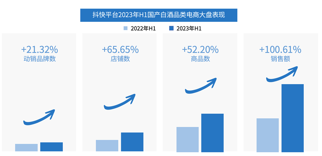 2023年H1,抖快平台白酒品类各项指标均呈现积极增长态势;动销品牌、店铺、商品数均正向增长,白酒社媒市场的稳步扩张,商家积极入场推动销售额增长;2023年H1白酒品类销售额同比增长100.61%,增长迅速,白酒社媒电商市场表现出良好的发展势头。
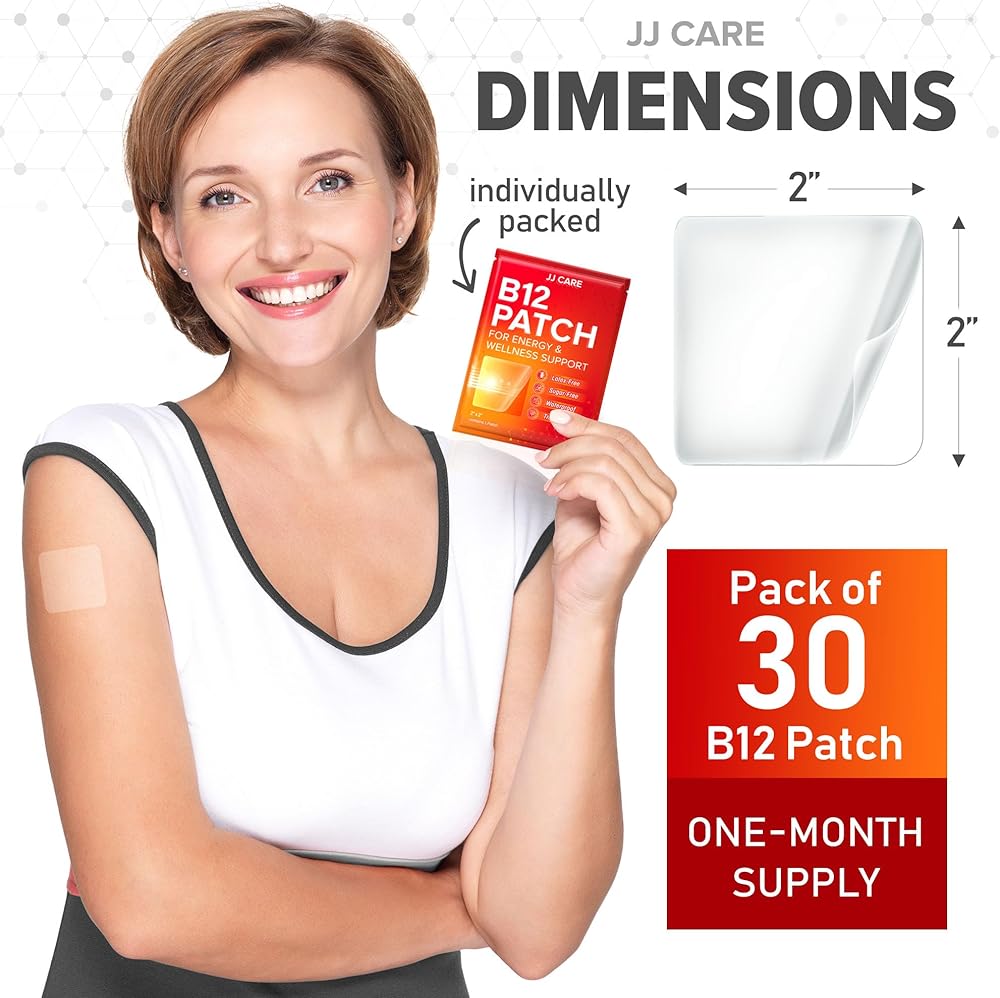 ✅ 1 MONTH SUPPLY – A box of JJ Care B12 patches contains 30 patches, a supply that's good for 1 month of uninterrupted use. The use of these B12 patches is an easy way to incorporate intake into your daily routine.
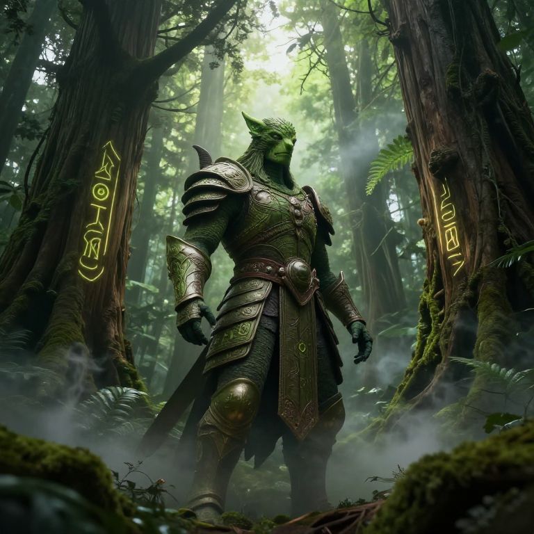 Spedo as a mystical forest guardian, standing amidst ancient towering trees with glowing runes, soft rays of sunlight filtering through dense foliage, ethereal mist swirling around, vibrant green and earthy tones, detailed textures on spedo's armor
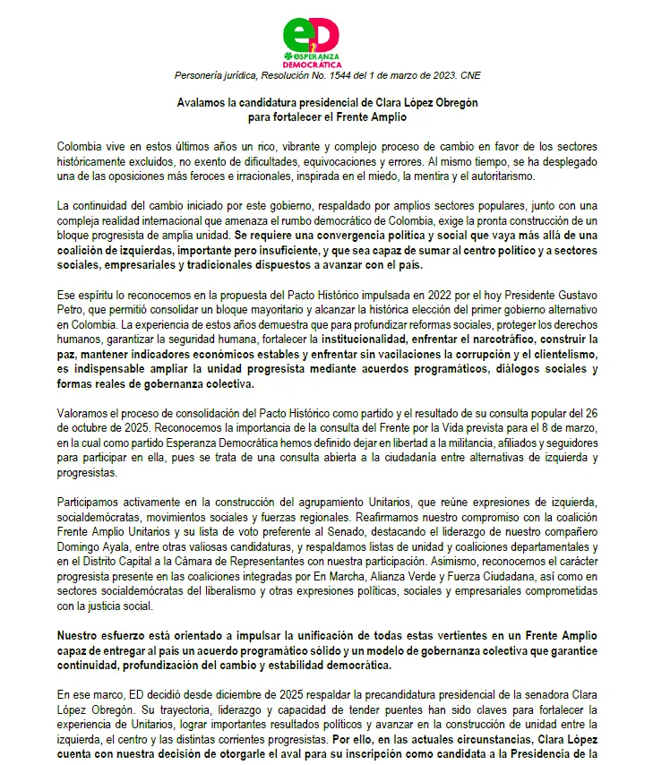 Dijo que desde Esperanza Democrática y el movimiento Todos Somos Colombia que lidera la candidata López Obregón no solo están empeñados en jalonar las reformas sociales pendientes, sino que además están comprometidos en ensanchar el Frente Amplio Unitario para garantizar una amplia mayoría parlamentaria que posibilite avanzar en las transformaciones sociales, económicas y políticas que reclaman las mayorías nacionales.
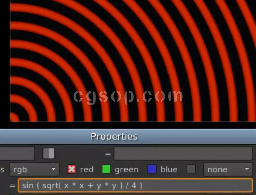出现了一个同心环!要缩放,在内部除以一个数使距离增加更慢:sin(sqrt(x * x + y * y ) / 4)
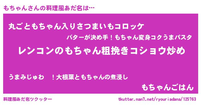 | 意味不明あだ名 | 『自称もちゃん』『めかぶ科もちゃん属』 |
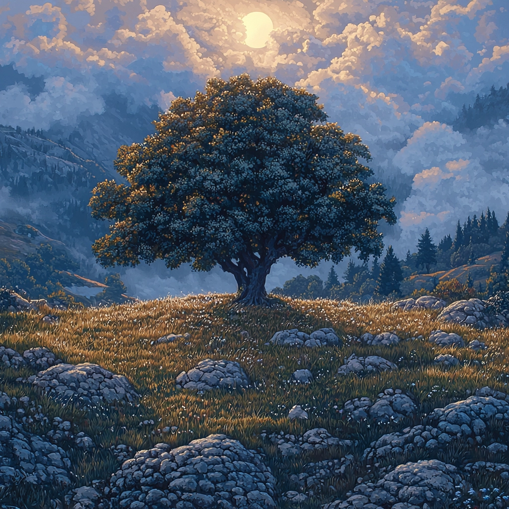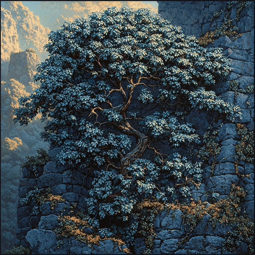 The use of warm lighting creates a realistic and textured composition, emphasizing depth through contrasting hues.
########
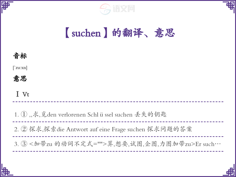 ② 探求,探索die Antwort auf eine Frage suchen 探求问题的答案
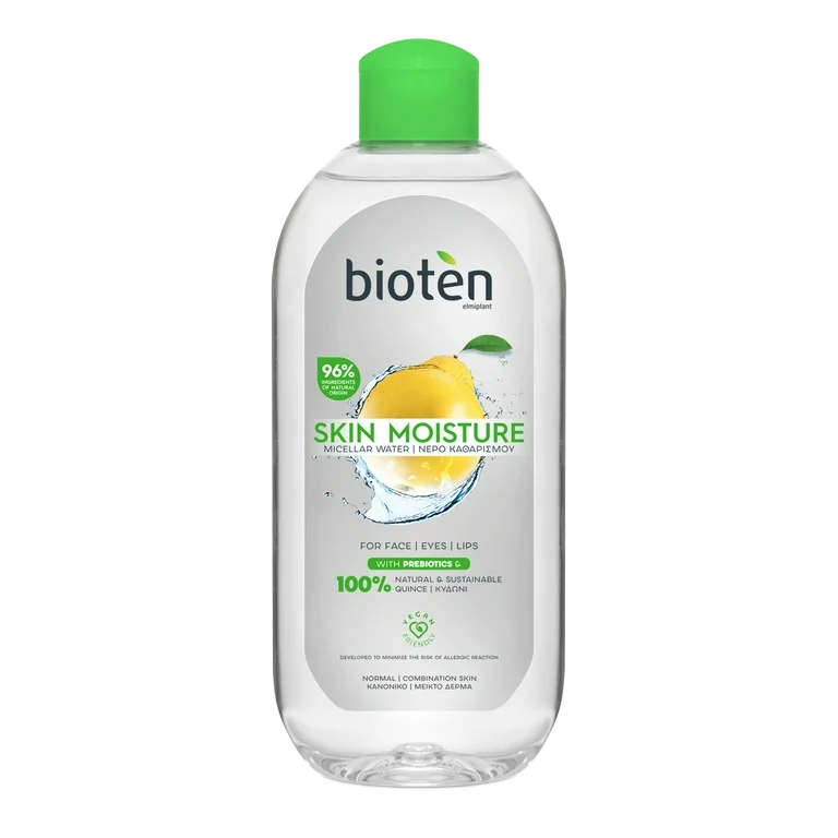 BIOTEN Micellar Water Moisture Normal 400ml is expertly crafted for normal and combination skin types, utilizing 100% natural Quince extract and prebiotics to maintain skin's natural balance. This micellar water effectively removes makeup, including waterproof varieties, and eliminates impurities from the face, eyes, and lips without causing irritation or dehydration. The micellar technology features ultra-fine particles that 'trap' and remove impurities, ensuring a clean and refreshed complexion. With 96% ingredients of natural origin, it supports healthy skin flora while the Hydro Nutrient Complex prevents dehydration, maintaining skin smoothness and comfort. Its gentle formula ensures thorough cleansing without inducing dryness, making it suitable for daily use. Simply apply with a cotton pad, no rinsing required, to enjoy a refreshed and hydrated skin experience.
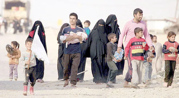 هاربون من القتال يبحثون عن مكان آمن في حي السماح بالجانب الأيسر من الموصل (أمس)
########
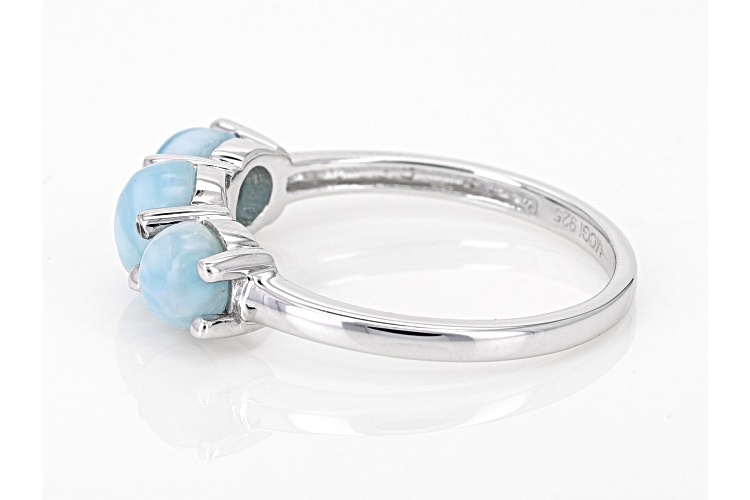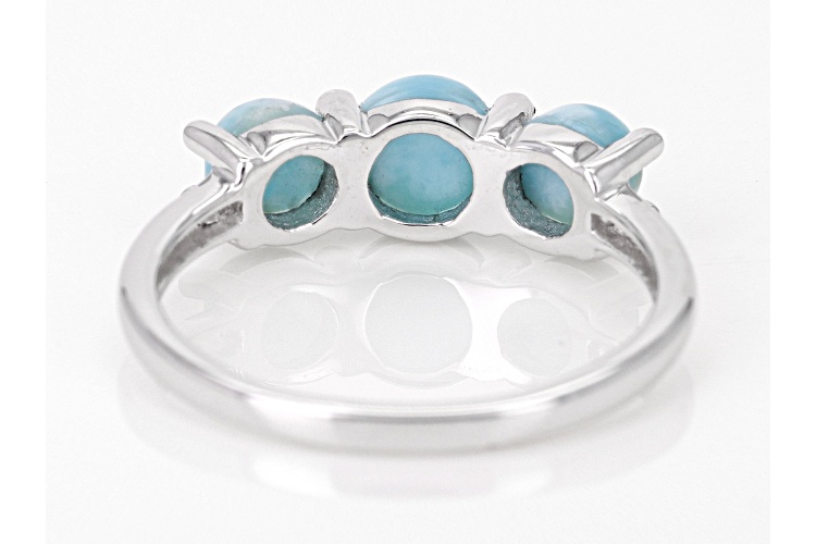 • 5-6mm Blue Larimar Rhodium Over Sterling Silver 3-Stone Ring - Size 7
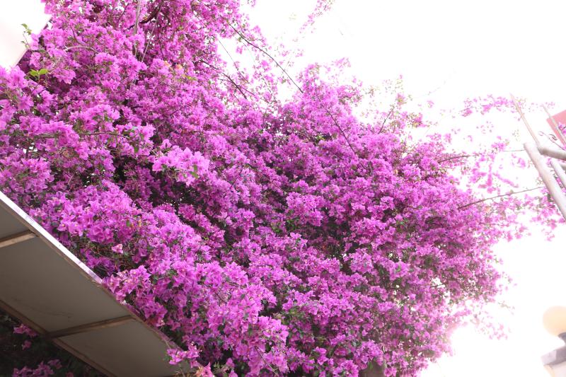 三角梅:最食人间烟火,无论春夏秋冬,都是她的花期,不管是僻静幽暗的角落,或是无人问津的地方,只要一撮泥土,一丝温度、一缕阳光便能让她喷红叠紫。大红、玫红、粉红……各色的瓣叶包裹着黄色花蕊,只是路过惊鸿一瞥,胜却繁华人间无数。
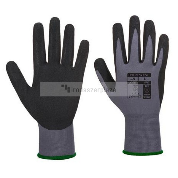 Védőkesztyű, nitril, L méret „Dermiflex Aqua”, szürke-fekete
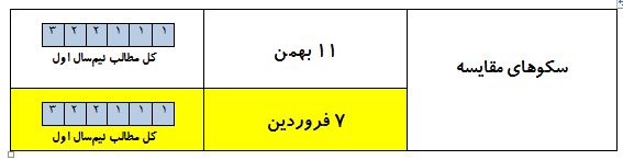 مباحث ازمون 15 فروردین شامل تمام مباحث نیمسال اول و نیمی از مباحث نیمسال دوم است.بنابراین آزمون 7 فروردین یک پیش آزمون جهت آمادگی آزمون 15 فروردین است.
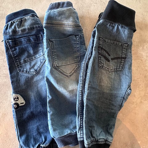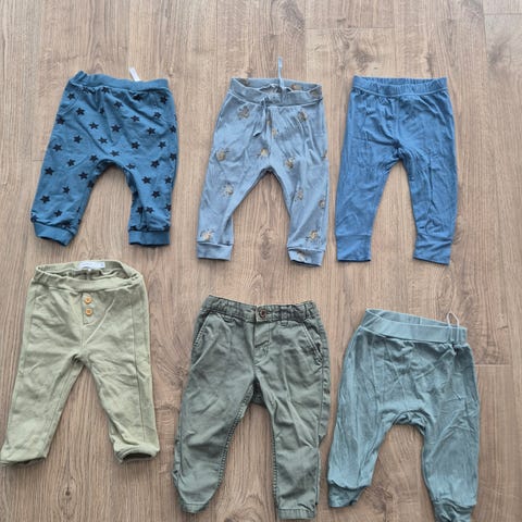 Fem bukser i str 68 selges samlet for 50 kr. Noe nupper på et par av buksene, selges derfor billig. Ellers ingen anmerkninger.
########
- [WORK INSTRUCTIONS] In the records above, find the line containing "2023年H1,抖快平台白酒" and the line containing "Spedo as a mystical", then give both of them again word for word along with every line between. Omit any pictures.

- [SOLVED PROBLEM]
 2023年H1,抖快平台白酒品类各项指标均呈现积极增长态势;动销品牌、店铺、商品数均正向增长,白酒社媒市场的稳步扩张,商家积极入场推动销售额增长;2023年H1白酒品类销售额同比增长100.61%,增长迅速,白酒社媒电商市场表现出良好的发展势头。
 ✅ 1 MONTH SUPPLY – A box of JJ Care B12 patches contains 30 patches, a supply that's good for 1 month of uninterrupted use. The use of these B12 patches is an easy way to incorporate intake into your daily routine.
 Spedo as a mystical forest guardian, standing amidst ancient towering trees with glowing runes, soft rays of sunlight filtering through dense foliage, ethereal mist swirling around, vibrant green and earthy tones, detailed textures on spedo's armor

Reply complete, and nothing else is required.